Many applications require that a series of requests from a client be associated with one another. For example, a web application can save the state of a user’s shopping cart across requests. Web-based applications are responsible for maintaining such state, called a session, because HTTP is stateless. To support applications that need to maintain state, Java Servlet technology provides an API for managing sessions and allows several mechanisms for implementing sessions.

Accessing a Session

Sessions are represented by an HttpSession object. You access a session by calling the getSession method of a request object. This method returns the current session associated with this request; or, if the request does not have a session, this method creates one.

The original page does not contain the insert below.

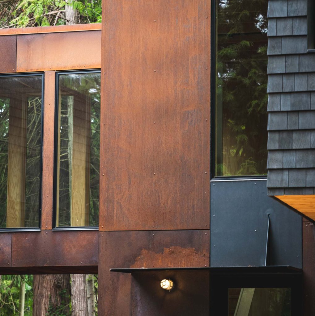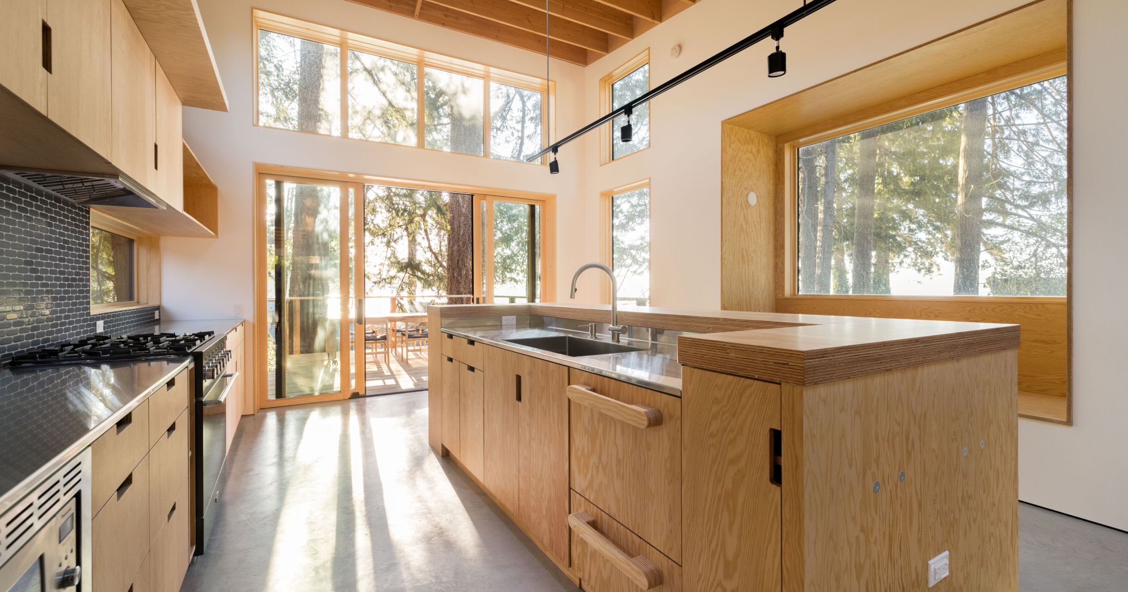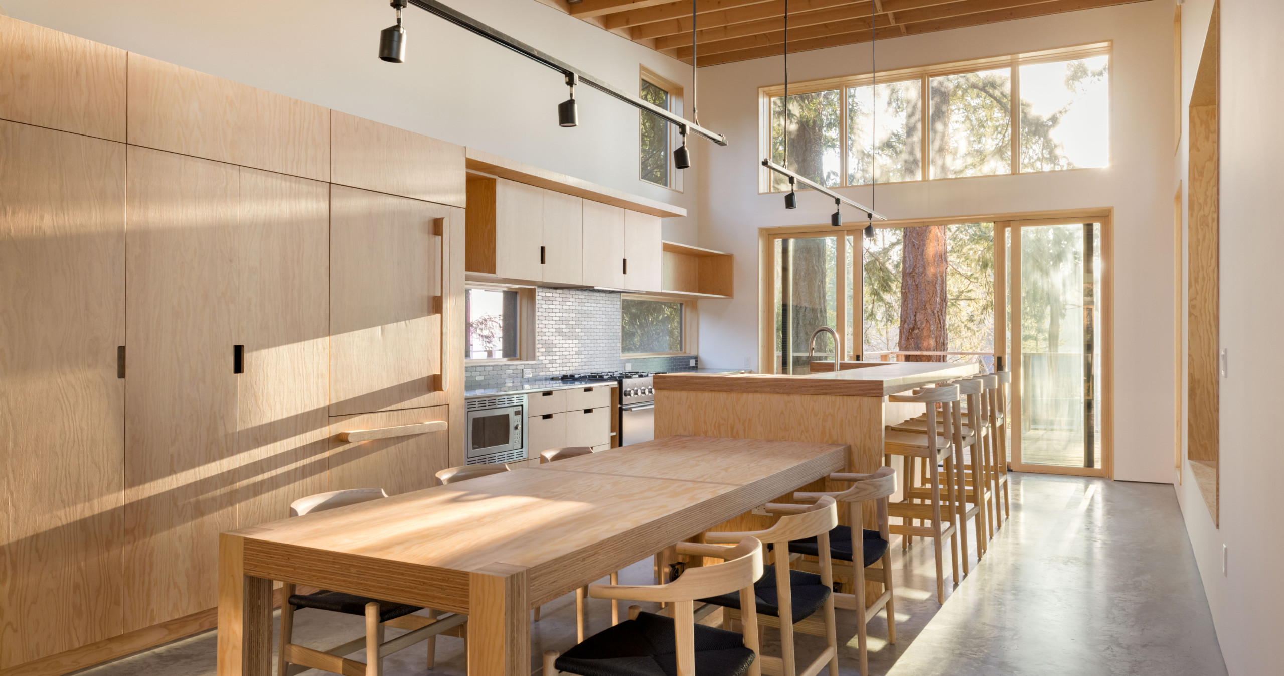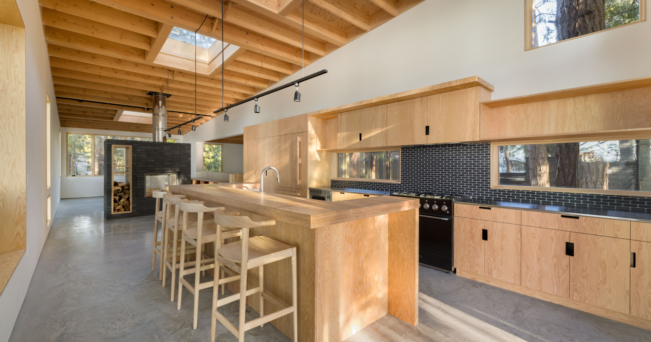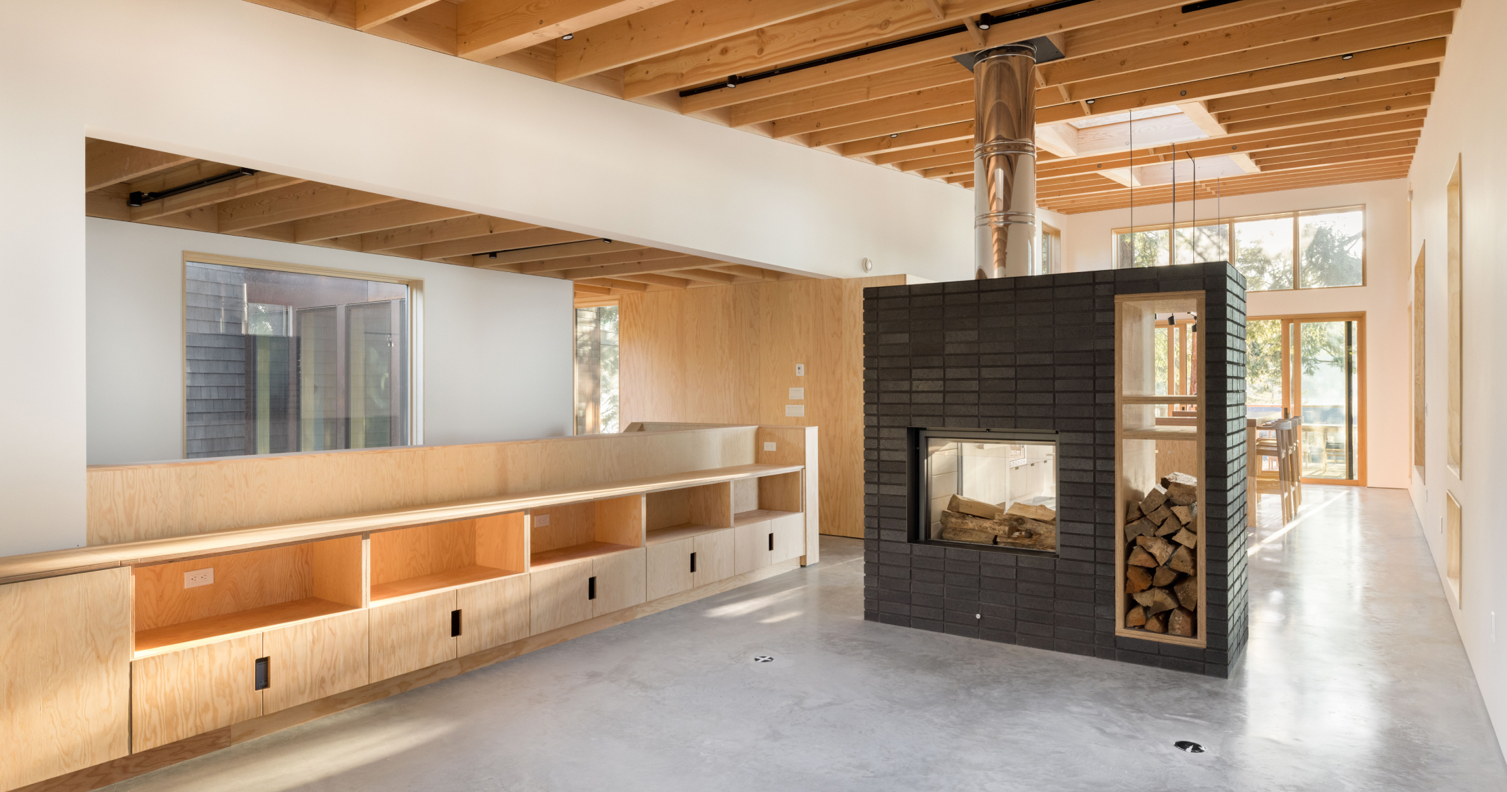 Clad in black-stained cedar shingles and Corten steel, the home’s exterior blends in with the landscape and pays homage to the site’s history as a shingle mill. Inside, exposed ceiling joists, plywood millwork, and a double-sided wood-burning fireplace create a cozy, inviting space.

Associating Objects with a Session

You can associate object-valued attributes with a session by name. Such attributes are accessible by any web component that belongs to the same web context and is handling a request that is part of the same session.

Recall that your application can notify web context and session listener objects of servlet lifecycle events (Handling Servlet Lifecycle Events). You can also notify objects of certain events related to their association with a session such as the following:

  • When the object is added to or removed from a session. To receive this notification, your object must implement the javax.servlet.http.HttpSessionBindingListener interface.

  • When the session to which the object is attached will be passivated or activated. A session will be passivated or activated when it is moved between virtual machines or saved to and restored from persistent storage. To receive this notification, your object must implement the javax.servlet.http.HttpSessionActivationListener interface.

Session Management

Because an HTTP client has no way to signal that it no longer needs a session, each session has an associated timeout so that its resources can be reclaimed. The timeout period can be accessed by using a session’s getMaxInactiveInterval and setMaxInactiveInterval methods.

  • To ensure that an active session is not timed out, you should periodically access the session by using service methods because this resets the session’s time-to-live counter.

  • When a particular client interaction is finished, you use the session’s invalidate method to invalidate a session on the server side and remove any session data.

To Set the Timeout Period Using NetBeans IDE

To set the timeout period in the deployment descriptor using NetBeans IDE, follow these steps.

  1. Open the project if you haven’t already.
  2. Expand the project’s node in the Projects pane.
  3. Expand the Web Pages node and then the WEB-INF node.
  4. Double-click web.xml.
  5. Click General at the top of the editor.
  6. In the Session Timeout field, type an integer value.

    The integer value represents the number of minutes of inactivity that must pass before the session times out.

Session Tracking

To associate a session with a user, a web container can use several methods, all of which involve passing an identifier between the client and the server. The identifier can be maintained on the client as a cookie, or the web component can include the identifier in every URL that is returned to the client.

If your application uses session objects, you must ensure that session tracking is enabled by having the application rewrite URLs whenever the client turns off cookies. You do this by calling the response’s encodeURL(URL) method on all URLs returned by a servlet. This method includes the session ID in the URL only if cookies are disabled; otherwise, the method returns the URL unchanged.